Can you believe the first month of the New Year is almost over? How are your New Year’s resolutions going? Are they still going strong? Each year, my resolutions always seem to revolve around the same goals each year. I may word my resolutions a bit differently each year based on the previous year’s success rate, but each year they relate to more gym time and more organization.  Admittedly, I already feel behind but January is a time to take inventories of our lives as the blank canvas of the new year is in front of us. Inventories are also important in the fight on food waste. As I was making new inventory sheets for my pantry, freezer, and fridge this month, it occurred to me that January would be a good time to do a food waste refresher post.

This month, I had the honor to be a guest on the Louisiana Eats! radio show with the one and only New Orleans treasure Poppy Tooker. The title of the show is “Talking Trash” and focuses on food and water waste in a very inspiring way. It’s a good place to start so please listen to the show here.

Susanne Duplantis

Studio of “Louisiana Eats!”

Now for those of you wanting to scroll for a recipe this week, sorry, there isn’t one. But for those of you who want to lose some “weight” along with me, let’s go!

Food Waste Fact

FACT: The average American wastes up to 20 pounds of food per month.


Food Waste Fact

FACT: Food waste is the number one item in landfills.

FACT: 40% of all prepared food goes to waste.
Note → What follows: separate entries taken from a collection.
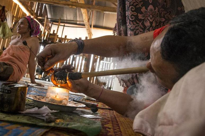 Encouraged by village elders to use opium to treat a head injury when he was young, Te no longer works. He is a prisoner in his own home, where he lies down three times a day to smoke his tar-like opium. Te smokes one saleung – about 3.75 grams of opium – every two days.
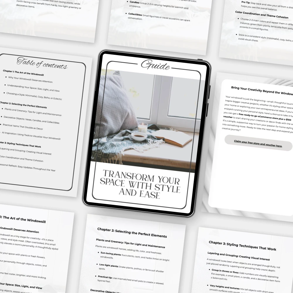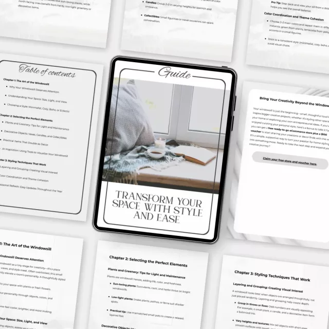 Give your home the effortless charm it deserves with Transform Your Space with Style and Ease — a beautifully crafted digital guide that shows you how to style a windowsill like a pro. Whether your vibe is cozy and rustic, modern and minimalist, or a mix of everything in between, this guide walks you through every step to bring personality, beauty, and balance to one of the most overlooked areas of your home.
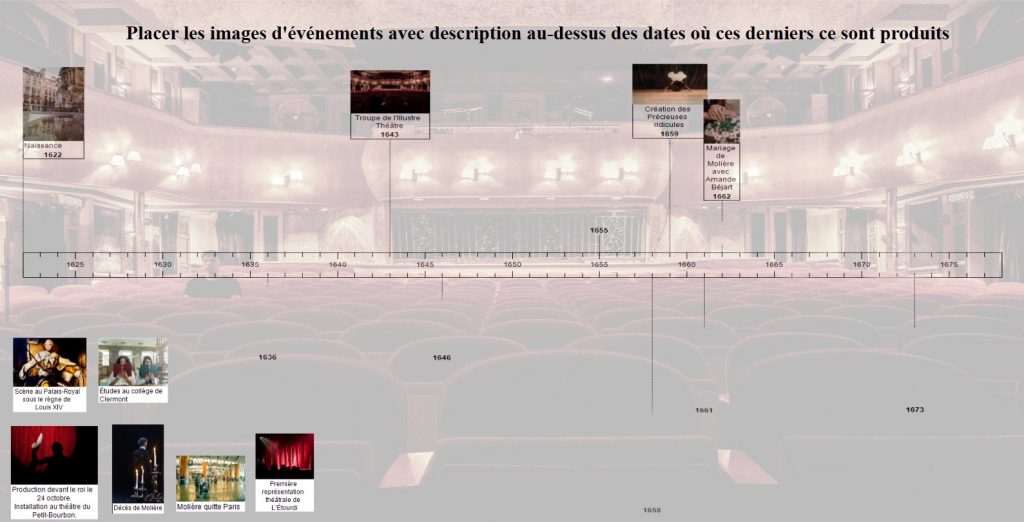 La frise commence par la naissance de Molière et s’achève pas son décès. Certains événements
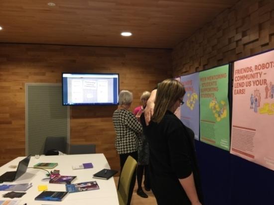 我们的教育专业课程无论从内容还是形式上都是丰富多彩的,Joy教授及相关老师都非常关注学科知识的融会贯通,主张打破学科界限、互惠互利,课上都会有各专业的教授为我们讲授专业领域类的最新研究成果,并与我们畅谈专业与专业之间的可借鉴性问题,听取来自各方面的意见和建议,其中还包括来自艺术设计学院的教授提倡的关于“图形在教学中的运用”讲座。在本月中旬,我们还有幸参观了Joy教授的师生团队共同开发的专业拓展项目宣传海报展,从与各专业项目负责人的交流中了解了师生合作的新理念。
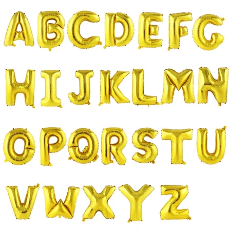 - Balon foliowy metalizowany litera, w kolorze złotym. Rozmiar 32 cale. Cena za sztukę.
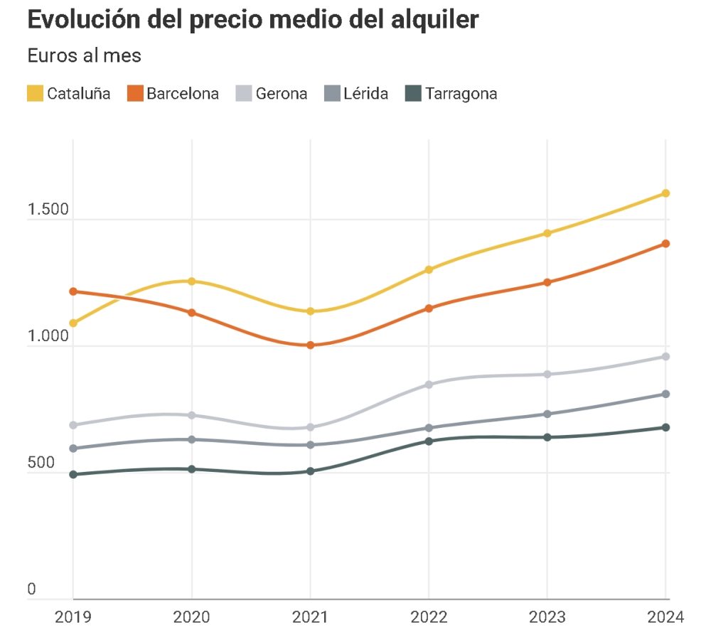 En cuanto al precio, pese a la limitación, la media del 2024 cerró en los 1.604 euros al mes, lo que supone un incremento del 10,92% frente a los 1.446 euros al cierre de 2023 en Barcelona. Si bien es cierto, que desde la compañía apuntan que el ajuste en los precios será progresivo y ya en el último trimestre del año el incremento de los precios apenas rozo el 1%.
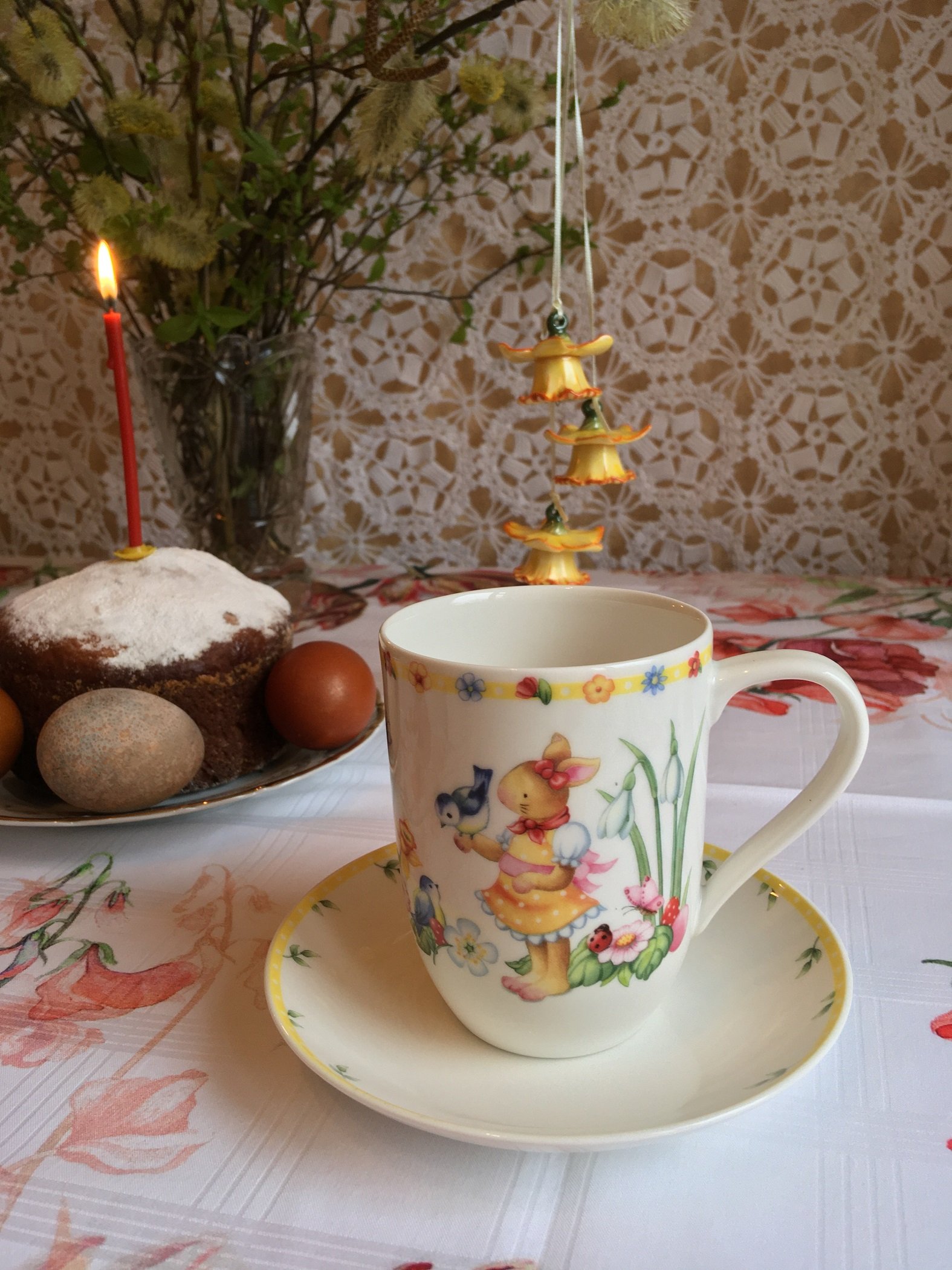Бокалы с блюдцами из коллекции «Farmers Spring» и фарфоровые пасхальные подвески «Нарциссы» (нарцисс - символ Пасхи и весны)
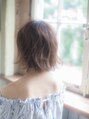 空間をあけるようにカットしたシンプルボブ。毛先中心にランダムにパーマをかけて無造作感を演出。外 国人風な透け感と柔らかさがでるように明るめアッシュカラーにしています。トレンドの赤リップも似合うおすすめスタイルです☆【大島】
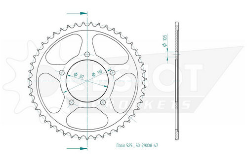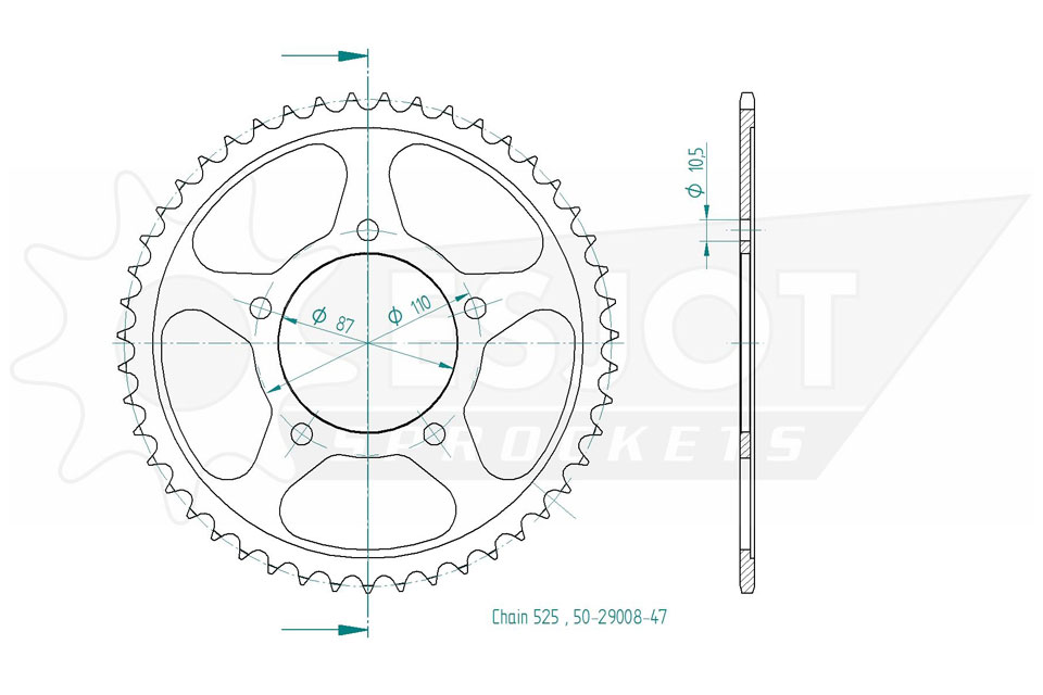 Kettenrad 47 Zähne Stahl 525er Teilung (5/8x5/16)
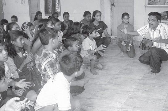 “I love to be with children. They quickly acquire skills by diligent practise if we succeed in evoking an interest in them,” he says. Admitting that it is not easy to bring special kids on track he says, “If we are confident enough, we can improve their communication skills and behaviour pattern. Apart from the basics in drama he imparts yoga techniques, body exercise and speech exercise.”
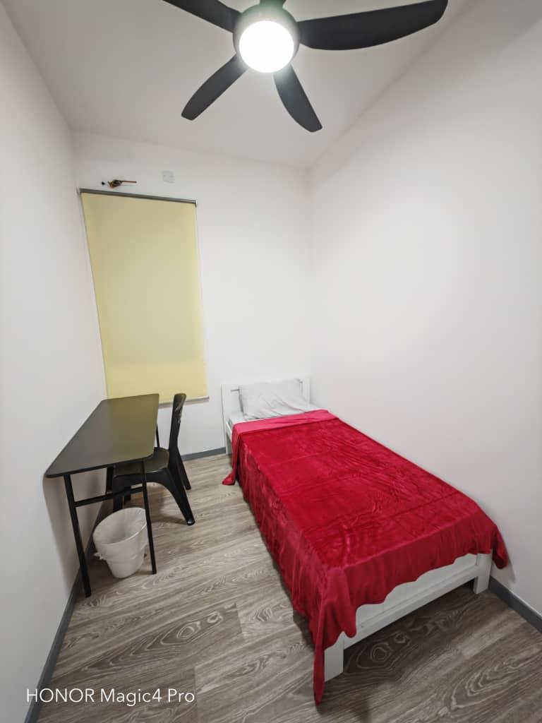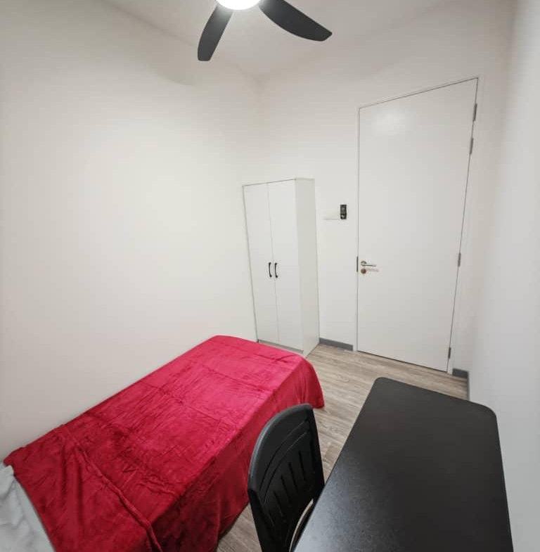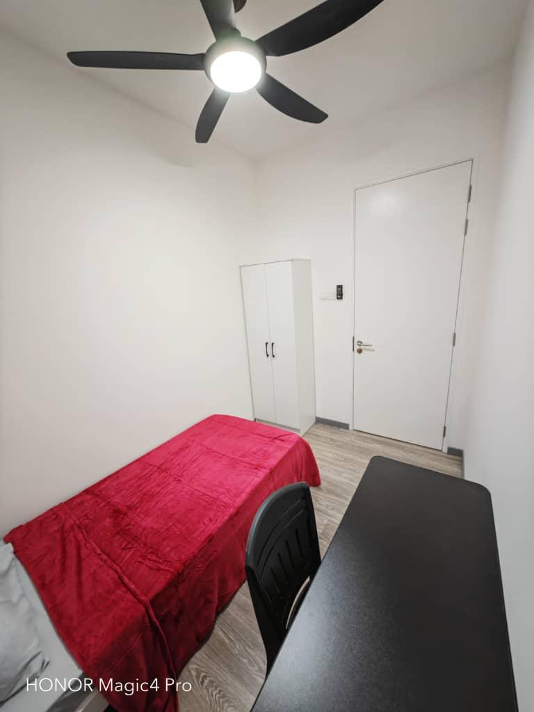 – 110sf – single room with single bed, wardrobe, study table & chair, curtain, fan & lighting. – share bathroom – included WIFI

No matter how many times I have heard those statistics, it’s always shocking. I could add in some more equally startling stats, like everyday there is enough food wasted in America to fill up LSU’s Tiger Stadium, but I think you get the idea.

Now, let’s look at some easy ways to save food that I highlight in my food waste workshops.

1-TAKE INVENTORIES: Use inventory sheets for freezer, panty, and fridge. Make your freezer your BFF.

Food Waste Inventory Sheet

Freezer Inventory

2-GET CHILLIN’: Buy Ice Cube trays: Use them to freeze leftover tomato paste, coffee, tea, stock, gravy, sauce or fresh herbs with olive oil. Freeze cubes then put into containers. They’ll always will be at the ready for cooking.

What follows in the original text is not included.